Sir Billy Boston: «el atleta de talla mundial, cuya historia merecía ser contada».

Cuando Sir Billy Boston fue nombrado caballero en 2025, fue un momento único para la liga de rugby.

Por primera vez, este deporte rebelde del norte de Inglaterra había sido reconocido de esta manera; uno de sus héroes había sido homenajeado por su contribución a la historia a través de este deporte.

Sir Billy fue un merecedor de este honor y un atleta de talla mundial, cuya historia merecía ser contada.

Se puede medir la importancia de una persona por la cantidad de estatuas que se han erigido en su honor, y a Sir Billy Boston no le faltaron.

Su nombre fue elegido como uno de los cinco únicos que figuran en el monumento de Wembley dedicado a la Challenge Cup de la liga de rugby, y años después de su partida hacia el norte, su ciudad natal, Cardiff, también se aseguró de que su legado permaneciera intacto, ya que formó parte de un homenaje de tres personas junto con Clive Sullivan y Gus Risman.

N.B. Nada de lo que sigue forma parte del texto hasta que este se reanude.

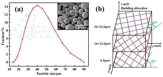 The parts were all produced by NCL-M150 additive manufacturing equipment (Nanjing Chamlion Laser Technology Co., Ltd., Nanjing, China). The gas atomization method was used to produce Ti-6Al-4V powder. Table 1 shows the powder’s main chemical composition. Figure 1a displays the morphology and particle size distribution of the powder, which is between 10 μm and 90 μm, with an average of 42 μm. The parts were manufactured by remelting with the laser scanning speed and power tuned to 1800 mm/s and 160 W, respectively. The scanning strategy selected the serpentine path and 57°/67° rotation scanning. The remelted layer’s scan path was perpendicular to the initial, and the laser scanning speed and power were adjusted to 1600mm/s and 180W, respectively. The diagram of the remelting operation is shown in Figure 1b, where the blue line was the initial scanning path and the red line was the remelting scanning path.

Como era de esperar, Boston también está inmortalizado en bronce en Wigan, su ciudad de adopción; el lugar donde su leyenda realmente cobró vida.

Nacido y criado en el barrio étnicamente diverso de Tiger Bay en Cardiff, aprendió sus habilidades de rugby en las calles y en el Cardiff International Athletic Club, una cantera de talentos.

Como todos los chicos galeses, soñaba con jugar en su club local, el Cardiff RFC, y, con suerte, en la selección nacional.

Al igual que otros antes y después, Boston se encontró durante un tiempo con esas rutas bloqueadas, teniendo que viajar a Neath y Pontypridd para comparecer ante el tribunal antes de que su servicio militar lo llevara al norte.

Fue aquí donde los ojeadores de la liga llamaron a su puerta, y Wigan convenció a Boston para que se profesionalizara en 1953, poniendo fin para siempre a sus sueños de jugar en un equipo sindicalizado en una época en la que se aplicaban sanciones «sine die» por tener contactos con personal de la liga.

El dinero me cambió la vida.

Con 3.000 libras esterlinas se podía comprar fácilmente una casa en aquel entonces, y resultó ser dinero bien invertido, ya que se adaptó al nuevo código como pez en el agua, anotando con su primer toque en un partido del equipo A del Wigan.

Este magnífico ejemplar de jugador galés lo tenía todo: era rápido, sabía esquivar y, como dijo el exjugador y comentarista de la BBC, Ray French, su defensa era como «recibir un golpe en la cara con una pala».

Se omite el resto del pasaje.